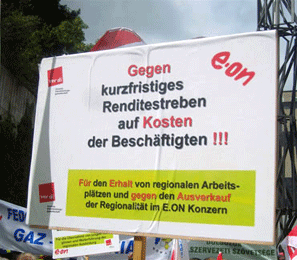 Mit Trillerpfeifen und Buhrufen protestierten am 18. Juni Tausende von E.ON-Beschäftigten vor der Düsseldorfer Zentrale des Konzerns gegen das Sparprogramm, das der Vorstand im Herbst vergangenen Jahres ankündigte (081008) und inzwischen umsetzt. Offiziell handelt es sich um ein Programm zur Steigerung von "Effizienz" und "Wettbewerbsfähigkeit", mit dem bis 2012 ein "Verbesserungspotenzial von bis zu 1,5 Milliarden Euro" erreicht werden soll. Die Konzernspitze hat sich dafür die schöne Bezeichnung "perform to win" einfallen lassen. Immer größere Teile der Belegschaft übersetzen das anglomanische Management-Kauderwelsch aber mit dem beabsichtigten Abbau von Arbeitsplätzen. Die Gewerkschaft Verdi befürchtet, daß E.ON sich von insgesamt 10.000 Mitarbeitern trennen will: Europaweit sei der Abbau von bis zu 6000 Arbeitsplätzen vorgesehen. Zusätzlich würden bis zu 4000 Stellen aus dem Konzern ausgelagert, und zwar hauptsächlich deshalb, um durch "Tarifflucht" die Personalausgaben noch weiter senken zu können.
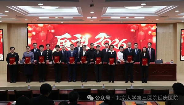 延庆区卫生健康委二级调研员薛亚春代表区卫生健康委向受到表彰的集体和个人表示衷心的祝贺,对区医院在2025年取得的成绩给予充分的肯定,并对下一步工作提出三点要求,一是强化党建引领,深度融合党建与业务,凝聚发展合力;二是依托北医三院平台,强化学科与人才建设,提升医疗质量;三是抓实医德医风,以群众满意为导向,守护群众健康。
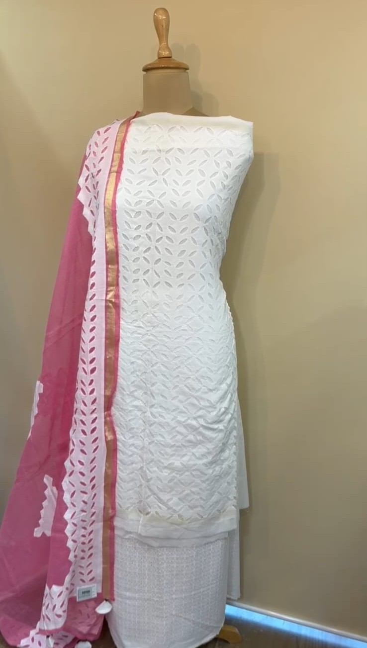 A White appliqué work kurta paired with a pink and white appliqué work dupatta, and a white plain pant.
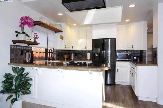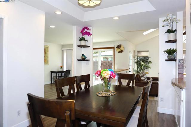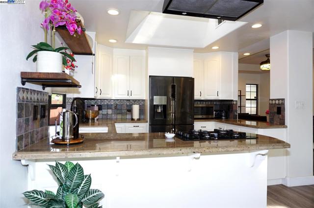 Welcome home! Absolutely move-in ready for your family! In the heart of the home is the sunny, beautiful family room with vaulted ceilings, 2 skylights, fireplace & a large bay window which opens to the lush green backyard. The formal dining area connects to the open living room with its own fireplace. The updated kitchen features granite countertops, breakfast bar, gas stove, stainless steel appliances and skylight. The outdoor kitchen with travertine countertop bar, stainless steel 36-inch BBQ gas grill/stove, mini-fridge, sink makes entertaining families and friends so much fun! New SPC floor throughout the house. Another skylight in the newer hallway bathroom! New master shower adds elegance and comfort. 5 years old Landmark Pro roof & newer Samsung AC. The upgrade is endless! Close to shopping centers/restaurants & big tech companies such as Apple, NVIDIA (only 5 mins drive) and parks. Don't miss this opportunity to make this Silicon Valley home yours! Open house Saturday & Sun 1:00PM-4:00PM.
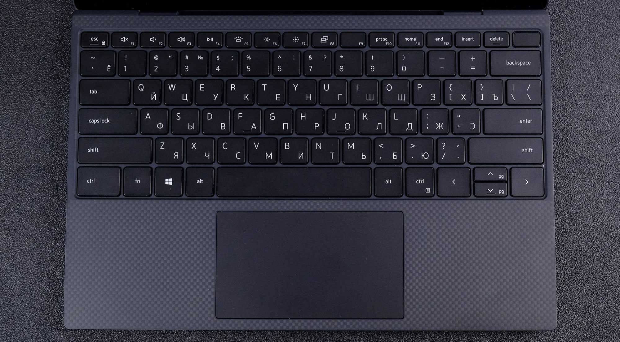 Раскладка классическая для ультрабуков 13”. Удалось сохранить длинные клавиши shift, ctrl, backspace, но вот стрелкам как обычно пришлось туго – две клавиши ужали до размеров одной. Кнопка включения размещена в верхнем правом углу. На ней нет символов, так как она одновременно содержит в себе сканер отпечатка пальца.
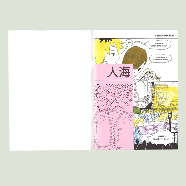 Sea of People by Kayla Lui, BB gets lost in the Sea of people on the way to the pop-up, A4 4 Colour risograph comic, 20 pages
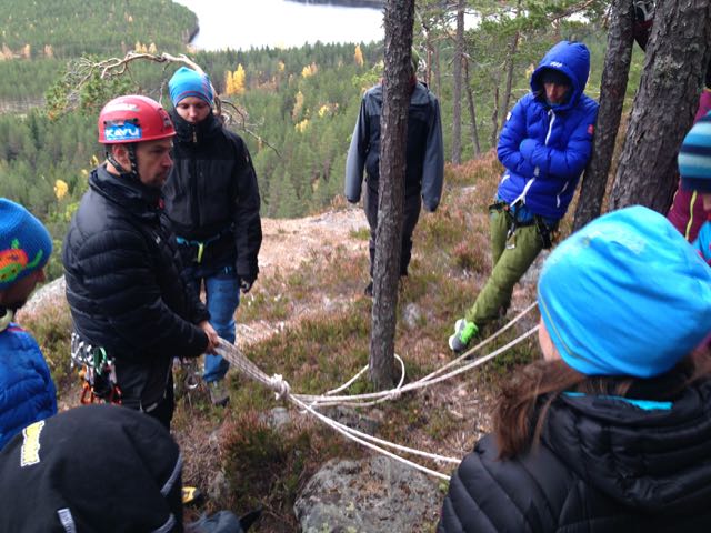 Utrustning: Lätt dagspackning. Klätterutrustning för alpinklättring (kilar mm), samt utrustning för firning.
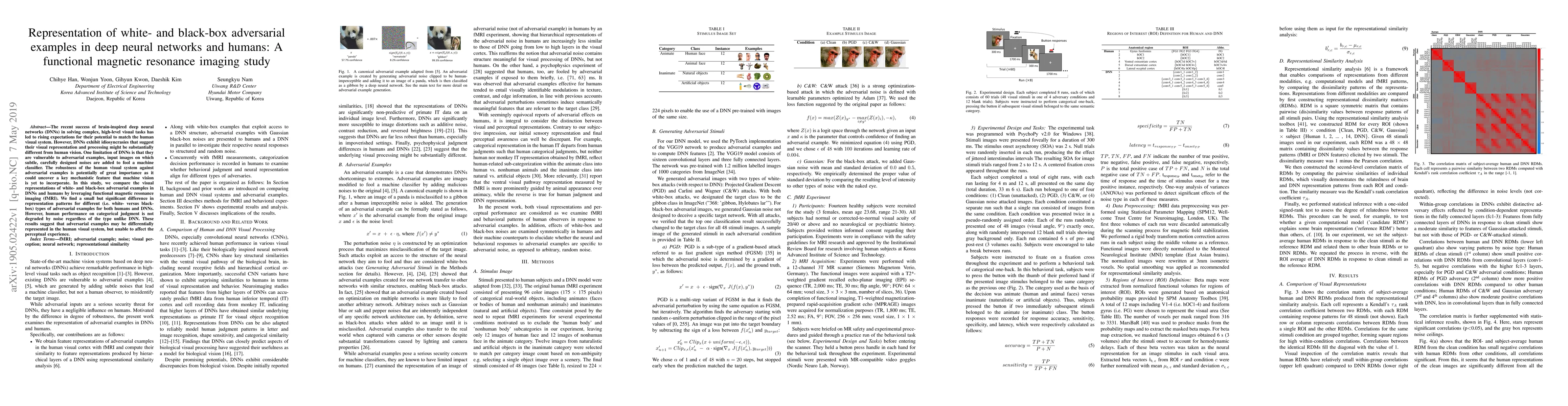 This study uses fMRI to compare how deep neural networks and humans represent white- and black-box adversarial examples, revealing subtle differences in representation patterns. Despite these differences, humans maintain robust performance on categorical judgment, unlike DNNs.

ACTIVITY |
Exclude every image and return the material above exactly.

THE ANSWER |
 Mit Trillerpfeifen und Buhrufen protestierten am 18. Juni Tausende von E.ON-Beschäftigten vor der Düsseldorfer Zentrale des Konzerns gegen das Sparprogramm, das der Vorstand im Herbst vergangenen Jahres ankündigte (081008) und inzwischen umsetzt. Offiziell handelt es sich um ein Programm zur Steigerung von "Effizienz" und "Wettbewerbsfähigkeit", mit dem bis 2012 ein "Verbesserungspotenzial von bis zu 1,5 Milliarden Euro" erreicht werden soll. Die Konzernspitze hat sich dafür die schöne Bezeichnung "perform to win" einfallen lassen. Immer größere Teile der Belegschaft übersetzen das anglomanische Management-Kauderwelsch aber mit dem beabsichtigten Abbau von Arbeitsplätzen. Die Gewerkschaft Verdi befürchtet, daß E.ON sich von insgesamt 10.000 Mitarbeitern trennen will: Europaweit sei der Abbau von bis zu 6000 Arbeitsplätzen vorgesehen. Zusätzlich würden bis zu 4000 Stellen aus dem Konzern ausgelagert, und zwar hauptsächlich deshalb, um durch "Tarifflucht" die Personalausgaben noch weiter senken zu können.
 延庆区卫生健康委二级调研员薛亚春代表区卫生健康委向受到表彰的集体和个人表示衷心的祝贺,对区医院在2025年取得的成绩给予充分的肯定,并对下一步工作提出三点要求,一是强化党建引领,深度融合党建与业务,凝聚发展合力;二是依托北医三院平台,强化学科与人才建设,提升医疗质量;三是抓实医德医风,以群众满意为导向,守护群众健康。
 A White appliqué work kurta paired with a pink and white appliqué work dupatta, and a white plain pant.
 Welcome home! Absolutely move-in ready for your family! In the heart of the home is the sunny, beautiful family room with vaulted ceilings, 2 skylights, fireplace & a large bay window which opens to the lush green backyard. The formal dining area connects to the open living room with its own fireplace. The updated kitchen features granite countertops, breakfast bar, gas stove, stainless steel appliances and skylight. The outdoor kitchen with travertine countertop bar, stainless steel 36-inch BBQ gas grill/stove, mini-fridge, sink makes entertaining families and friends so much fun! New SPC floor throughout the house. Another skylight in the newer hallway bathroom! New master shower adds elegance and comfort. 5 years old Landmark Pro roof & newer Samsung AC. The upgrade is endless! Close to shopping centers/restaurants & big tech companies such as Apple, NVIDIA (only 5 mins drive) and parks. Don't miss this opportunity to make this Silicon Valley home yours! Open house Saturday & Sun 1:00PM-4:00PM.
 Раскладка классическая для ультрабуков 13”. Удалось сохранить длинные клавиши shift, ctrl, backspace, но вот стрелкам как обычно пришлось туго – две клавиши ужали до размеров одной. Кнопка включения размещена в верхнем правом углу. На ней нет символов, так как она одновременно содержит в себе сканер отпечатка пальца.
 Sea of People by Kayla Lui, BB gets lost in the Sea of people on the way to the pop-up, A4 4 Colour risograph comic, 20 pages
 Utrustning: Lätt dagspackning. Klätterutrustning för alpinklättring (kilar mm), samt utrustning för firning.
 This study uses fMRI to compare how deep neural networks and humans represent white- and black-box adversarial examples, revealing subtle differences in representation patterns. Despite these differences, humans maintain robust performance on categorical judgment, unlike DNNs.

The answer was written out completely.